В комнате повисла тишина. Паршин не отрывал жадных глаз от Инары, та – от содержимого кисета. Это были награды Евгения, полный бант солдатских Георгиев и серебряная Георгиевская же медаль, потемневшая, с вялым профилем государя императора. Большего заслужить не успел – произвели в прапорщики, а офицерские награды доставались ох как нелегко.
Граевского хотя бы взять, неизвестно как жив остался, за свой Белый Крест[1] сколько раз под смерть ходил. Да и солдатского Георгия иди-ка получи, хоть и называется он лишь Знаком отличия Военного ордена и личного дворянства не дает. Впрочем, не дает – и хрен с ним, кому оно теперь нужно, личное дворянство-то.
Инара между тем выложила в ряд четыре креста, два серебряных и два золотых, они крепились к пятиугольным обтянутым георгиевскими лентами колодкам и выглядели на фоне скатерти как-то обыденно и затерто.

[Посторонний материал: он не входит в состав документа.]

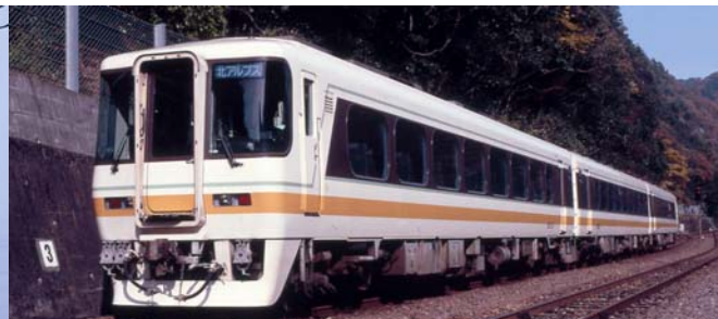
名古屋鉄道商品化許諾済
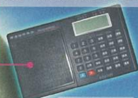
《世紀頌讚》伴奏器 編號：MUS240 售價：HK$1,380

「《世紀頌讚》伴奏器」內含《世紀頌讚》的全部詩歌，使用者可選擇演繹全曲、前奏部份、兩首詩歌的間奏部份又或高音旋律部份來帶領會眾。伴奏器曲調可升降，速度可增可減，是詩班員的必然選擇。
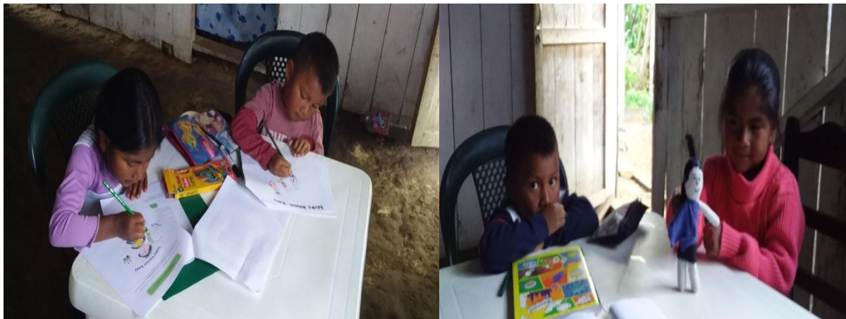
Fotografía N°6. Niños de grado Primero y Preescolar trabajando el tema de mi identidad inga.

Anteua parlukuna - “los cuentos antiguos” - es un concepto que me permitió acercarme a otros conceptos muy propios de mi propuesta pedagógica etnoeducativa, tales como: identidad, memoria colectiva, cosmovisión, cosmogonía, lengua propia, territorio y muchas otros que aportan a la construcción de lo que significa la cultura inga. Al respecto, para trabajar el tema Mi identidad inga con mis estudiantes propuse un ejercicio muy bonito que consistió en representar por medio de un dibujo las prendas tradicionales de la comunidad. También hicimos un muñequito para ponerle los ropajes tradicionales.
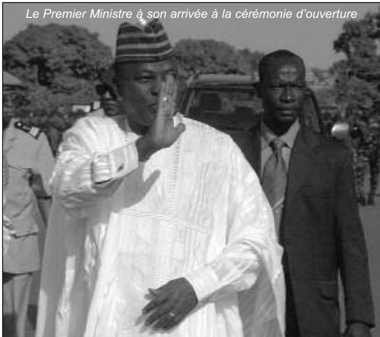
Le Premier Ministre à son arrivée à la cérémonie d'ouverture

sur le fait que la culture est un trait d'union entre les peuples. Le président du CNO pense ainsi que le thème de cette édition ouvre les frontières culturelles du Burkina Faso à toutes les cultures du monde. Il a ensuite terminé son intervention en précisant que le programme de cette 13e édition de la SNC a été conçu afin que chacun y trouve son compte.
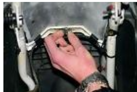
RETIRER LE PAPILLON SOUS LA SELLE.
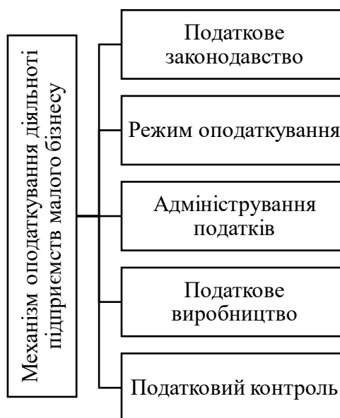
Рис. 3.1. Складові механізму оподаткування діяльності підприємств малого бізнесу

Нижче на рисунку наведено складові механізму оподаткування діяльності підприємств малого бізнесу.
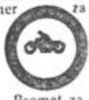
Promet za motocikle prepovedan
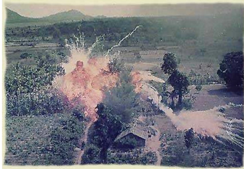
Destruction of a village by US Air Force napalm bombs.
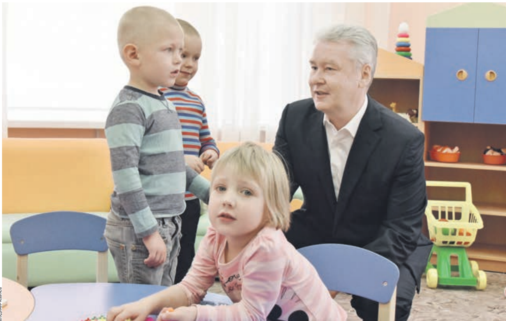
31 августа 2015 года. Мэр Москвы Сергей Собянин осмотрел дошкольное отделение школы № 656. Благодаря открытию в том числе этого заведения удалось ликвидировать дефицит мест в детсадах в районе Бескудниково Северного округа

По словам главы города, в результате москвичи экономят два-три рабочих дня для получения госуслуг. Внедрение электронных сервисов позволяет также экономить солидные бюджетные средства. — За счет внедрения персонализированного учета мы еже-
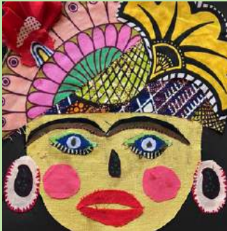
DWS 22 Collage van Afrikaanse stofjes
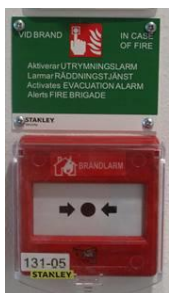
tryckknapp vid brand

Efter att två rökdetektorer detekterat brandrök vidarekopplas ett brandlarm till SOS Alarm. Du kan själv utlösa brandlarmet med hjälp av röda tryckknappar i utrymningsvägarna.

Стоило совать голову в пекло… На крестах первой и второй степени стояло круглое, хорошо заметное клеймо. Получил их Паршин после августа пятнадцатого, когда начали изготавливать награды из золота пониженной пробы. Это уже потом, накануне революции, от драгметаллов отказались вовсе и чеканили кресты из «желтого» и «белого» сплавов.
– Смотри, как красифо, – Инара восхищенно улыбнулась, погладила мизинцем грязную оранжево-черную ленту, – шаль, что ты не мошешь их носить.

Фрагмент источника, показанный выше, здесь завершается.